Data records
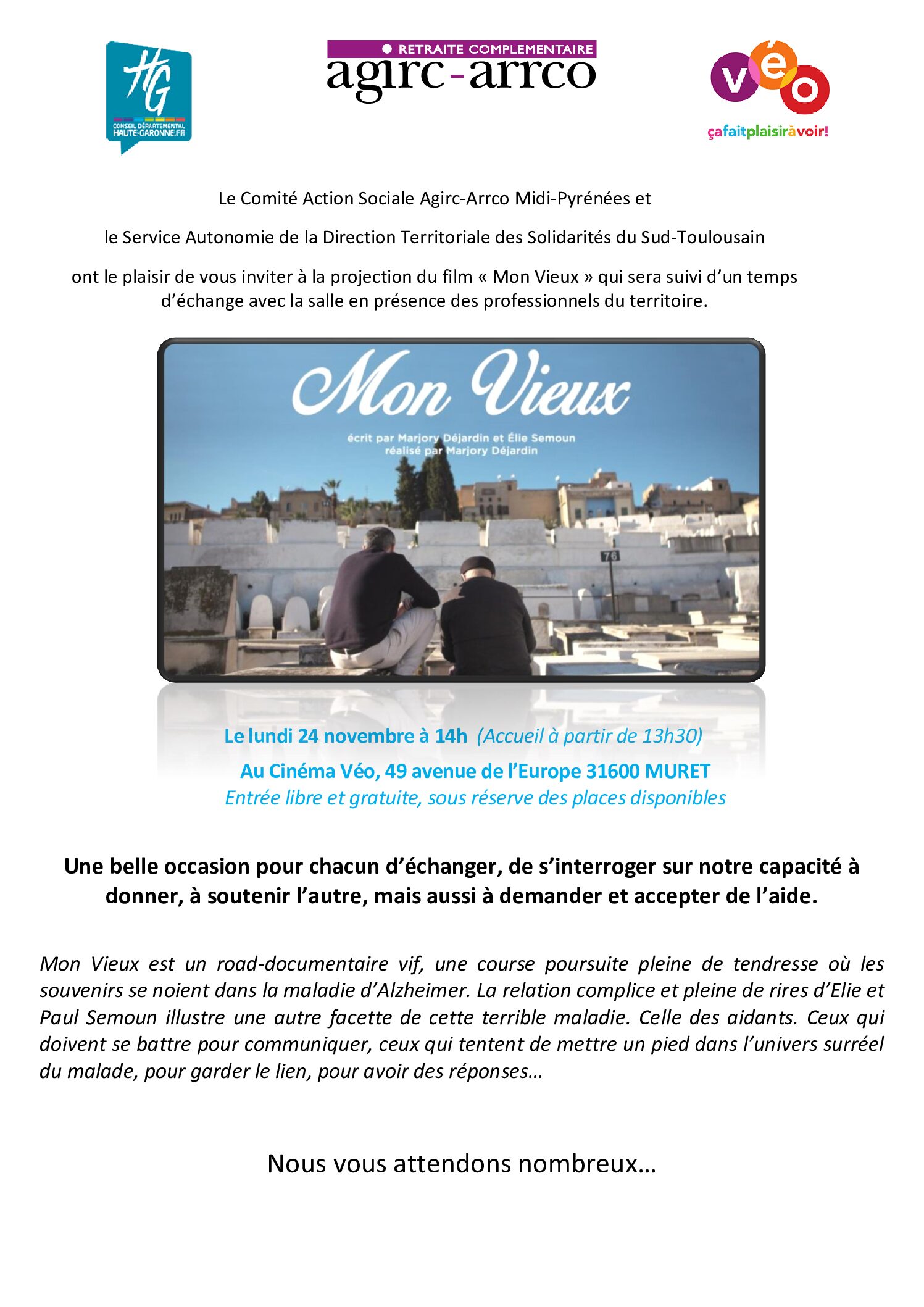 ont le plaisir de vous inviter à la projection du film « Mon Vieux » qui sera suivi d’un temps d’échange avec la salle en présence des professionnels du territoire.
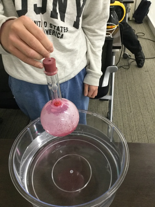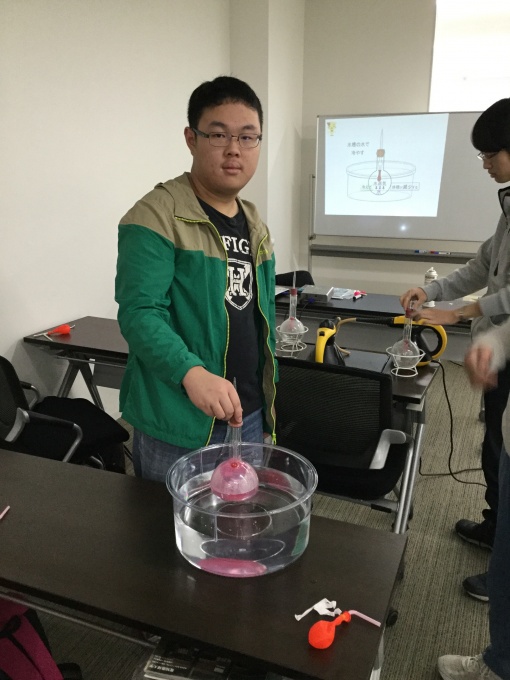 簡単な説明のあと、フラスコの中の空気を抜くことで風船を膨らませたり、噴水を起こしたり、空き缶をつぶしたり、雲を作ったり(?)しました。マッチを擦るのに苦戦する生徒もいましたが・・・協力して全員が全ての実験を成功することができました。
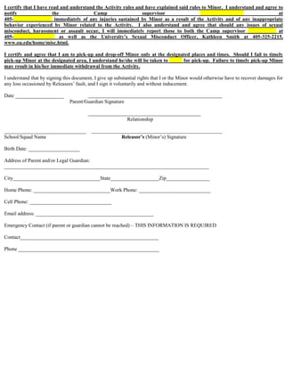 This document is a release and acknowledgement form for minors participating in activities or camps on the University of Oklahoma's facilities or on external field trips. It releases the university from liability for any injuries or damages resulting from participation. The parent or guardian signs to grant permission for participation, acknowledge risks, and agree to the university's rules. They also consent to emergency medical treatment and authorize use of photos/videos. Contact information is provided in case of emergency.
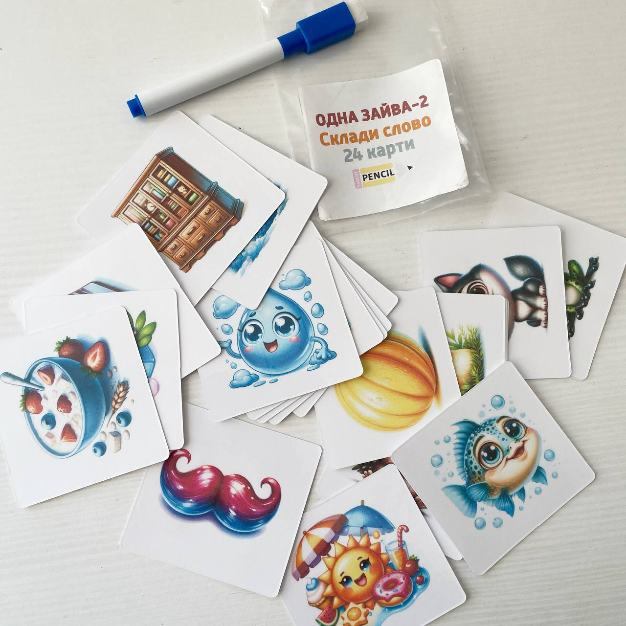 В наборі 24 картки+маркер
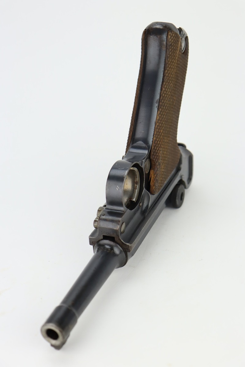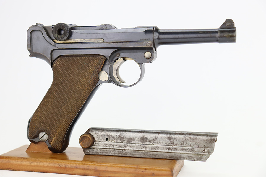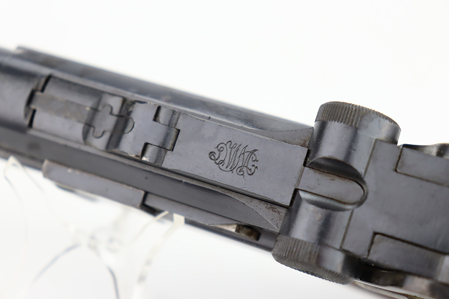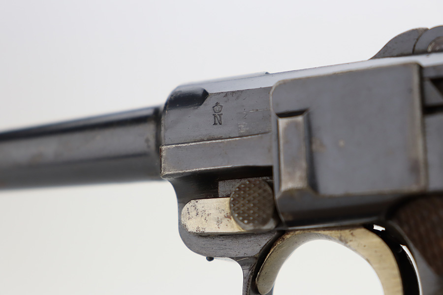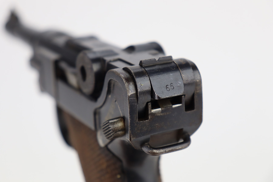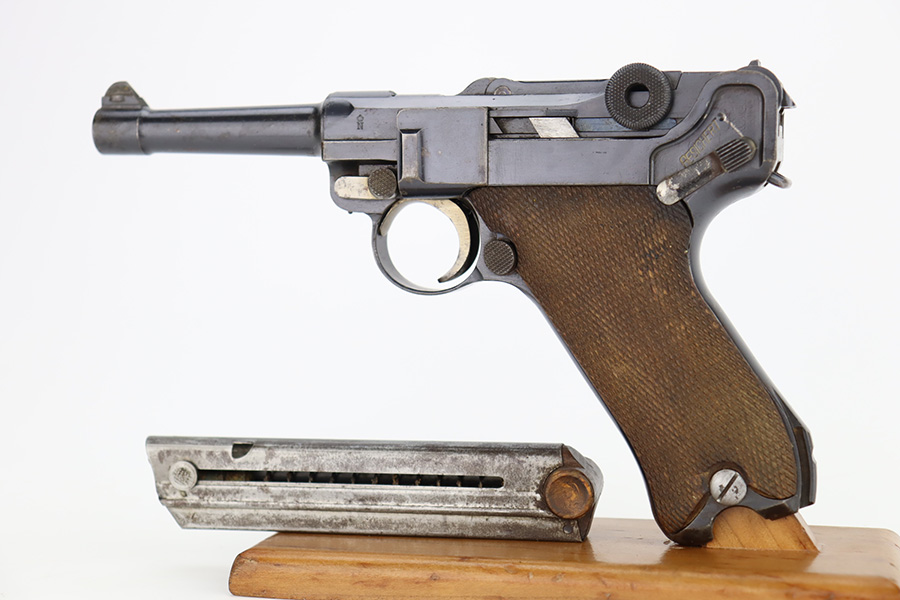 12/5/23 – This is a DWM Luger sold in the commercial market in the 1920’s. All matching and chambered in .30 Luger. The original finish rates about 93%. There is wear around the muzzle and general high edge wear. While there is not much actual finish loss, there are areas of spotty oxidation and discoloration here and there. Fitted with un-numbered wood grips and comes with an un-numbered magazine. Replaced grip screws. Minty bore.

**WORK ORDER**
Should the entries hold any pictures, please omit those and print the remaining text exactly.

**THE ANSWER**
 ont le plaisir de vous inviter à la projection du film « Mon Vieux » qui sera suivi d’un temps d’échange avec la salle en présence des professionnels du territoire.
 簡単な説明のあと、フラスコの中の空気を抜くことで風船を膨らませたり、噴水を起こしたり、空き缶をつぶしたり、雲を作ったり(?)しました。マッチを擦るのに苦戦する生徒もいましたが・・・協力して全員が全ての実験を成功することができました。
 This document is a release and acknowledgement form for minors participating in activities or camps on the University of Oklahoma's facilities or on external field trips. It releases the university from liability for any injuries or damages resulting from participation. The parent or guardian signs to grant permission for participation, acknowledge risks, and agree to the university's rules. They also consent to emergency medical treatment and authorize use of photos/videos. Contact information is provided in case of emergency.
 В наборі 24 картки+маркер
 12/5/23 – This is a DWM Luger sold in the commercial market in the 1920’s. All matching and chambered in .30 Luger. The original finish rates about 93%. There is wear around the muzzle and general high edge wear. While there is not much actual finish loss, there are areas of spotty oxidation and discoloration here and there. Fitted with un-numbered wood grips and comes with an un-numbered magazine. Replaced grip screws. Minty bore.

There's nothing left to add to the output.